Pus loin, sont rapportés des propos du ministre qui déclare que "Le gouvernement ne faillira

pas à son devoir" et la réponse de Paul Cibrie rétorquant que "Le corps médical ne faillira pas au sien". Le texte rapporte également les propos du ministre commentant devant le Sénat une

lettre qu'il a reçu de Paul Cibrie : "Une lettre qu'à sa place je n'aurais jamais envoyée car elle

contient certaines phrases qu'un français ne devrait jamais écrire. On ne dois jamais dire, par exemple, qu'on refuse de collaborer à une loi".

Paul Cibrie, en homme plein de ressources, s'adressera le 15 décembre 1929 à 10 000 militants réunis par la CGT pour réclamer l'application de la loi du 5 avril 1928. Il exposera la position du corps médical et déclenchera un concert de protestations.

Devant l'opposition conjointe des syndicats, des patrons, des agriculteurs, des mutualistes et des médecins, une nouvelle loi sera votée le 30 avril 1930 instituant l'affiliation obligatoire des salariés de l'industrie et du commerce sur la base d'un critère de revenu. C'est le principe du plafond d'affiliation.

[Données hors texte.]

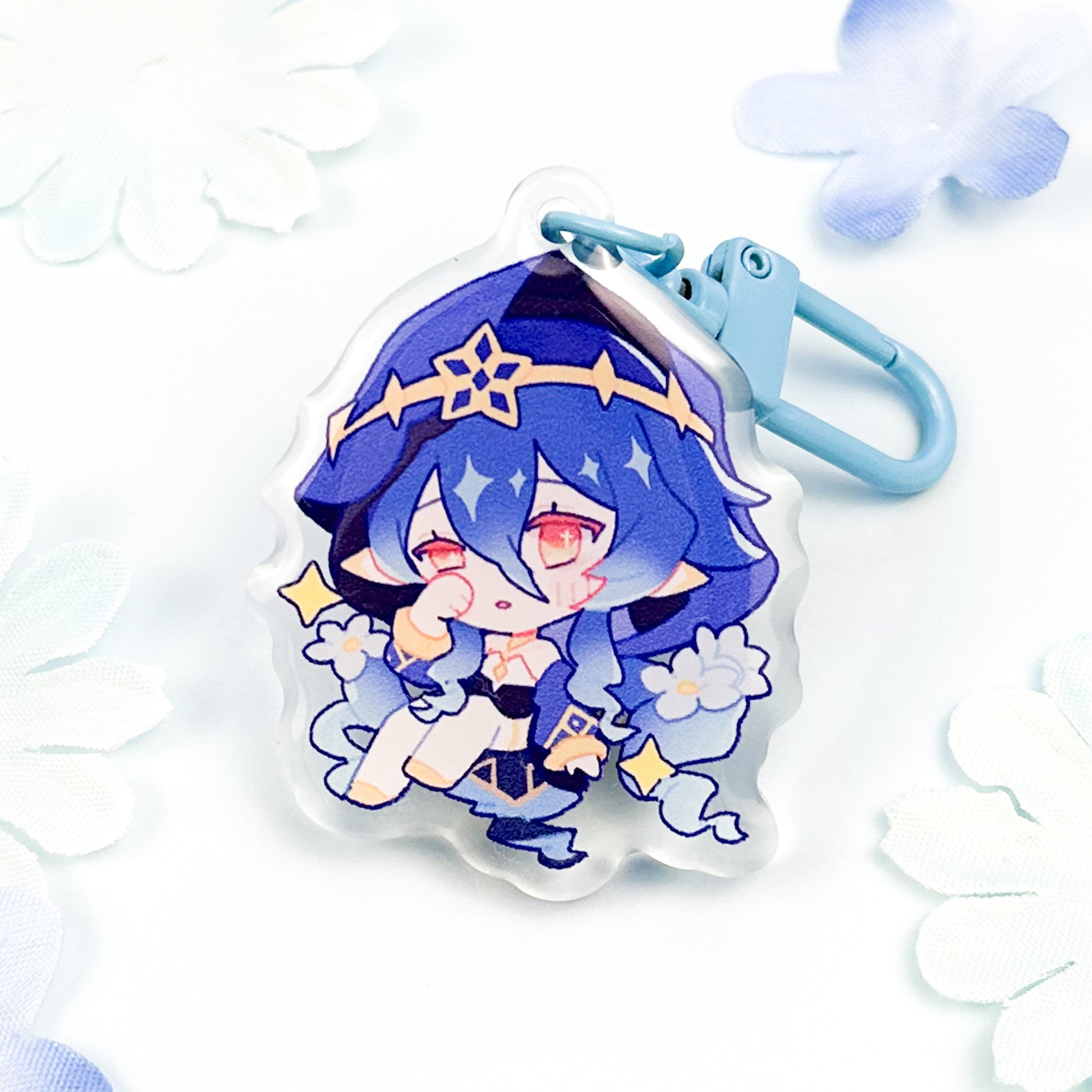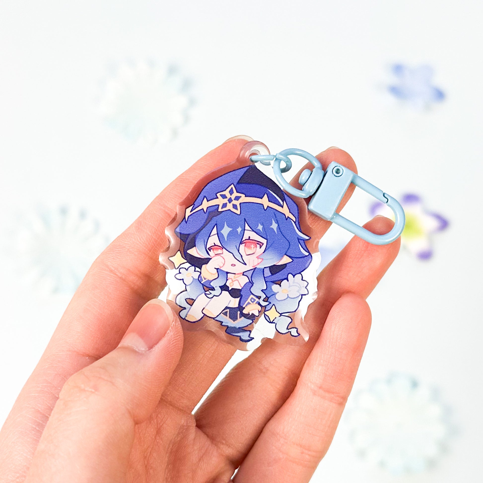 Keychain of Layla from Genshin Impact. Made with acrylic and finished with domed epoxy on one side. Great way to bring your favourite characters with you everywhere!

La loi du 30 avril 1930 consacrera le "libéralisme à la française" fait d'interventionnisme étatique et d'initiative privée (Gueslin 1997). Des caisses primaires de sécurité sociale peuvent être librement créées, les mutuelles y trouvant leur place et, pour les médecins, le principe de l'entente directe est respecté alors que des conventions fixent des tarifs médicaux de responsabilité.

Le corps médical ayant vu ses revendications satisfaites, la CSMF, réunie en assemblée générale extraordinaire le 27 juillet 1930 approuve la loi du 30 avril de la même année par 13001 voix contre 1668 (Hassenteufel 1997).

Comme nous venons de le voir, la loi du 30 avril 1930 respectait deux principes auxquels les médecins étaient particulièrement attachés, l'entente directe et les tarifs de responsabilité. Autrement dit, les médecins gardaient toute liberté pour fixer leurs tarifs minimaux. Ils n'étaient pas liés par le tarif syndical et seuls les sous-tarifs faisaient l'objet d'une poursuite. Par ailleurs, de nombreux accords mutualistes ont perduré avec des tarifs opposables aux médecins. Dans certaines régions comme la Bretagne, les caisses régionales négociaient également des conventions sur la base d'un tarif opposable. Les conventions étaient libres, sans procédure d'approbation, entraînant un important contentieux.

Cette situation subsistera jusqu'en 1940. Une ordonnance du 7 octobre 1940 signée par le maréchal Pétain dissoudra les syndicats. Ils ne seront autorisés à nouveau que par une ordonnance du gouvernement provisoire du 14 décembre 1944.